Professor of Genetic Epidemiology and
Statistical Genetics, University of Edinburgh

also Honorary
Consultant in Public Health, NHS Lothian

This is my personal web page. Larger files, including software packages and public datasets, can be found on my research group’s home page on my server.

For the Usher
Institute, information about research is on this
page, information about taught postgraduate courses is on this
page, and information about PhDs is on this
page.

In the Usher Institute I am a member of the Molecular
Epidemiology Group. I am a member of the Executive Group of the
Centre
for Statistics based in the School of Mathematics. From April
2019 I am on the Medical Research Councils’s Methodology
Research Programme Panel

Usher Institute of Population Health
Sciences and Informatics

University of Edinburgh Medical
School,

Teviot Place, Edinburgh EH8 9AG

Phone +44 131 650
4556

If you need to send me confidential material by email, you can use
my PGP public key (obtained by searching for my email address on a
PGP key server such as https://pgp.mit.edu)

for
which the fingerprint is

683E 7E3B E8B3 83BB 8F80 363A A034 3F3B B2D6 769A

For best practice, you should confirm the key fingerprint with me in person or by video link before using it.

Alternatively, you can send messages to my ProtonMail address shown above, but this is secure only if you are sending from another ProtonMail account

If you need to transfer large data files securely, I can set up an SFTP account for you on my server. You will need to use SSH public key authentication. Instructions for setting this up on a Windows PC are here.

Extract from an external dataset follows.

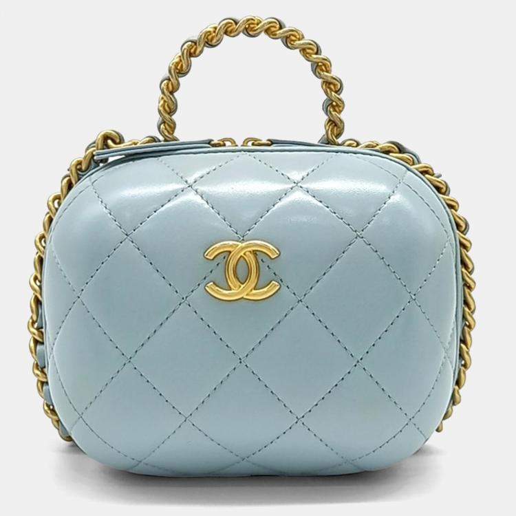 Chanel Blue Leather Cosmetic Top Handle Crossbody Bag

My research focuses on methods for molecular and genetic epidemiology, with applications in clinical prediction and personalized medicine. These methods make use of Bayesian and computationally-intensive statistical methods, and machine learning methods for constructing predictors. I work closely with Helen Colhoun’s research group at the Centre for Genomic and Experimental Medicine. This collaboration includes the development of an analysis platform based on deidentified electronic health records and the use of this platform to study drug safety and complications of diabetes.

My group’s current research includes

Construction of predictive models for drug response in rheumatoid arthritis in two collaborative studies: the MRC-funded MATURA consortium and the Scottish Early Rheumatoid Arthritis cohort

Development of biomarker-based predictions of diabetic complications in the SUMMIT European consortium and the Scottish Diabetes Research Network Type 1 Bioresource

Development of a platform (GENOSCORES) for constructing genotypic predictors from summary results of genome-wide association studies

The relation of C-peptide persistence in Type 1 diabetes to the genetic architecture of Type 1 and Type 2 diabetes

Development of deep learning algorithms for prediction of diabetic complications from retinal images

Development of statistical methods for learning to classify with high-dimensional biomarker panels and quantifying the incremental contribution of each biomarker or panel to predictive performance.

Risk stratification for colorectal cancer (with Evropi Theodoratou). I am also planning a new project to study the relationship of colorectal cancer risk to the colonic microbiome profile, based on establishing a consented bioresource of faecal samples from the Scottish bowel screening programme

A list of my research grants is here. In addition Helen Colhoun and I have recently been awarded 1.4 million euros from the EU for the University of Edinburgh as a partner in the Hypo-RESOLVE project studying hypoglycaemia and its impact in diabetes

Quantifying
performance of a diagnostic test as the expected information for
discrimination: relation to the C-statistic. (*Statistical
Methods for Medical Research* 2018. This paper proposes that the
expected information for discrimination (expected weight of evidence)
should supplant the C-statistic (area under the ROC curve) for
quantifying the performance of a diagnostic test or risk predictor,
and for evaluating the incremental contribution of a new biomarker.
This page
demonstrates the statistical methods on three publicly available
datasets, and links to R scripts for running these analyses

This paper has had wide media coverage because it draws on unpublished results obtained by Alan Turing while working on the Banburismus procedure at Bletchley Park, later described and extended by his assistant Jack Good. This poster describes the ideas.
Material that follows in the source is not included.